If the politics won’t allow for measures to make things better — if, in other words, Republicans refuse to consider steps to create jobs — then it’s probably time for the public to change the politics.
By: Steve Benen, Contributing Writer, Washington Monthly-Political Animal, July 8, 2011
Kicking The Unemployed When They Are Down
Recent highly publicized national jobs reports showing private-sector gains being offset by public-sector losses have drawn attention to the macroeconomic costs of the austerity program already underway among state and local governments, and gaining steam in Washington. But the effect on the most vulnerable Americans–particularly those out of work–is rarely examined in any systematic way.
At The American Prospect, Kat Aaron has put together a useful if depressing summary of actual or impending cutbacks (most initiated by the states, some by Congress) in key services for the unemployed and others suffering from economic trauma. These include unemployment insurance, job retraining services, and family income supports. In some cases, federal funds added by the 2009 stimulus package are running out. In others, the safety net is being deliberately shredded.
A recent report from the Center for Budget and Policy Priorities notes that the most important family income support program, TANF (the “reformed” welfare block grant first established in 1996) is becoming an object of deep cuts in many states, precisely at the time it is most needed:
States are implementing some of the harshest cuts in recent history for many of the nation’s most vulnerable families with children who are receiving assistance through the federal Temporary Assistance for Needy Families (TANF) block grant. The cuts will affect 700,000 low-income families that include 1.3 million children; these families represent over one-third of all low-income families receiving TANF nationwide.A number of states are cutting cash assistance deeply or ending it entirely for many families that already live far below the poverty line, including many families with physical or mental health issues or other challenges. Numerous states also are cutting child care and other work-related assistance that will make it harder for many poor parents who are fortunate enough to have jobs to retain them.
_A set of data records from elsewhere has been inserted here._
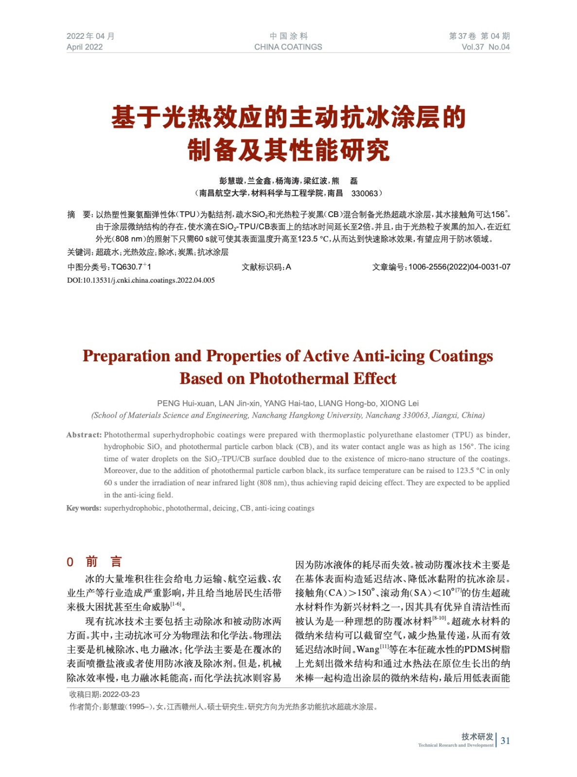 基于光熱效應(yīng)的主動抗冰涂層的制備及其性能研究
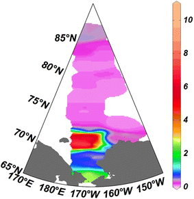 Hill, V. & G. Cota, 2005. Spatial patterns of primary production on the shelf, slope and basin of the Western Arctic in 2002. Deep-Sea Research II 52: 3344–3354.
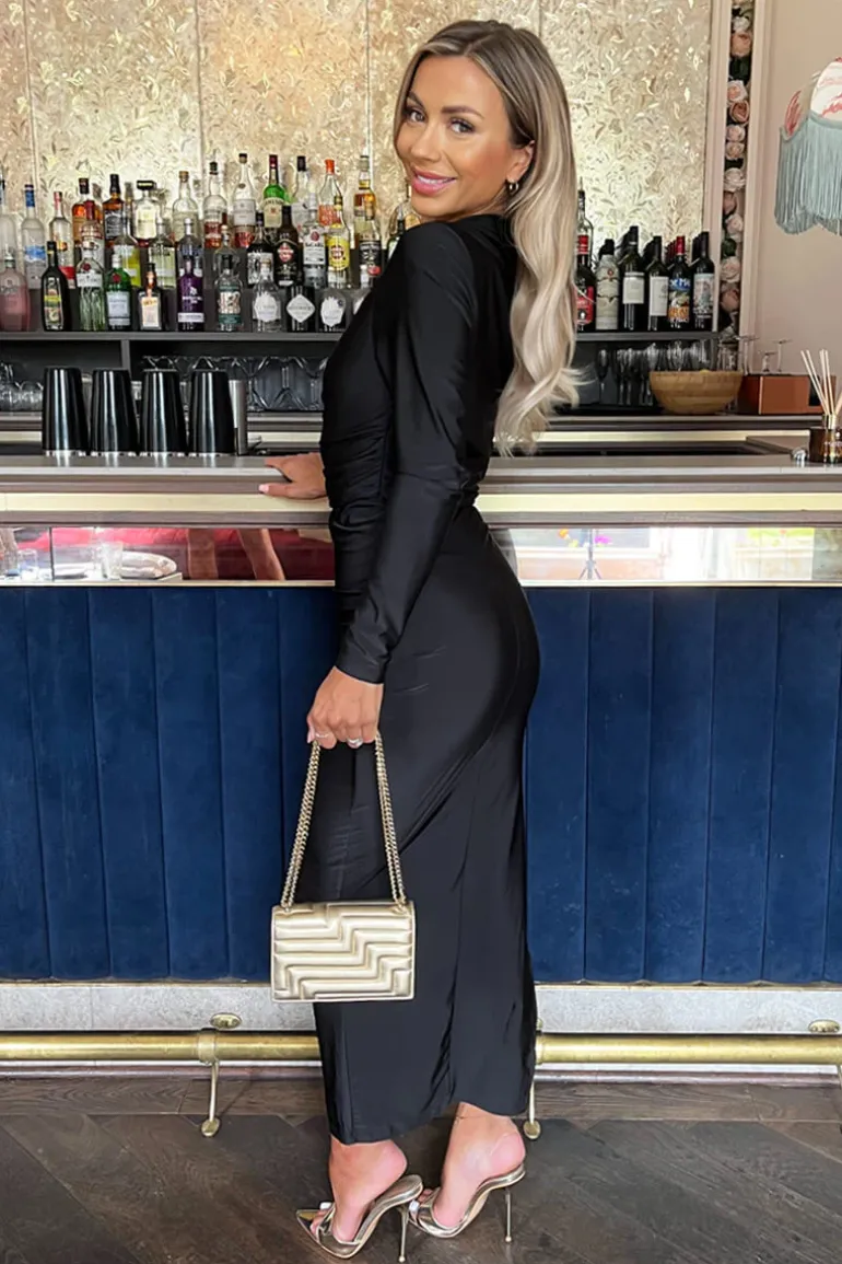 Sleeved Draped Midi Dress. Featuring an open off the shoulder
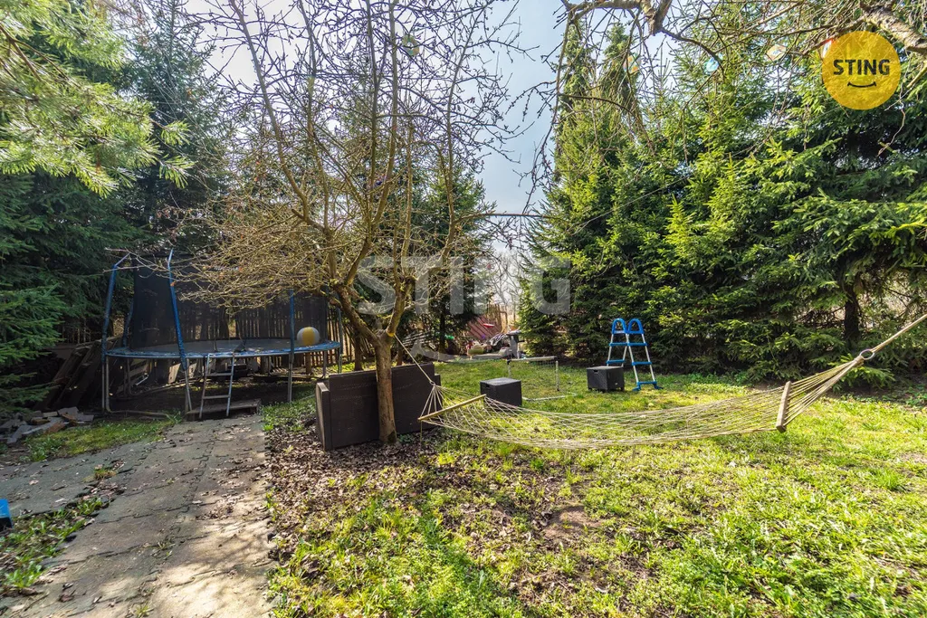 K domu náleží velkorysá zelená zahrada s dětským hřištěm, která nabízí dostatek soukromí.
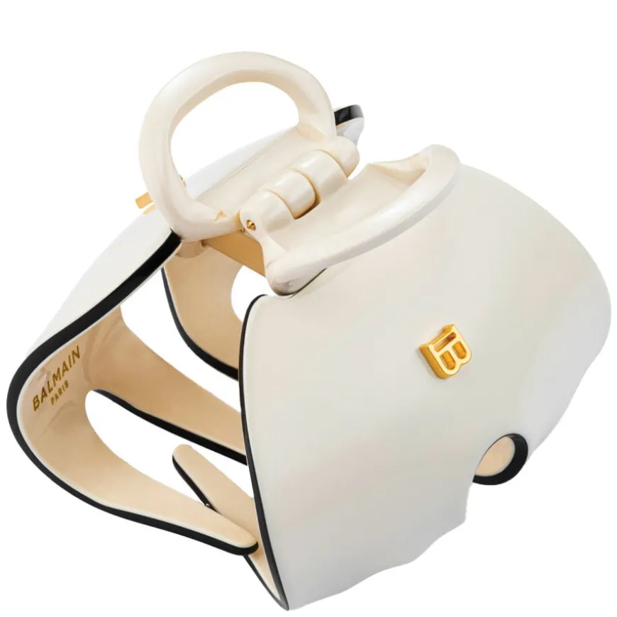 Hair Clip Imperial er en oversized, håndlaget hårspenne laget av holdbart celluloseacetat. Dekorert med Balmain sin signatur, en gullbelagt B-logo. En sofistikert hårklype med svart kant, spesielt designet for langt og tykt hår. Spennen er perfekt for å sikre håret i en knute eller en høy hestehale.

This is perverse precisely because such programs were once widely understood as “counter-cyclical”–designed to temporarily expand in tough economic times. Not any more, says CPBB:
To be effective, a safety net must be able to expand when the need for assistance rises and to contract when need declines. The TANF block grant is failing this test, for several reasons: Congress has level-funded TANF since its creation, with no adjustment for inflation or other factors over the past 15 years; federal funding no longer increases when the economy weakens and poverty climbs; and states — facing serious budget shortfalls — have shifted TANF funds to other purposes and have cut the TANF matching funds they provide.
This retrenchment, mind you, is what’s already happening, and does not reflect the future blood-letting implied by congressional Republican demands for major new cuts in federal-state safety net programs–most famously Medicaid, which virtually all GOPers want to convert into a block grant in which services are no longer assured.
If, as appears increasingly likely, the sluggish economy stays sluggish for longer than originally expected, and both the federal government and states continue to pursue Hoover-like policies of attacking budget deficits with spending cuts as their top priority, it’s going to get even uglier down at the level of real-life people trying to survive. If you are unlucky enough to live in one of those states where governors and legislators are proudly hell-bent on making inadequate safety-net services even more inadequate or abolishing them altogether, it’s a grim road ahead.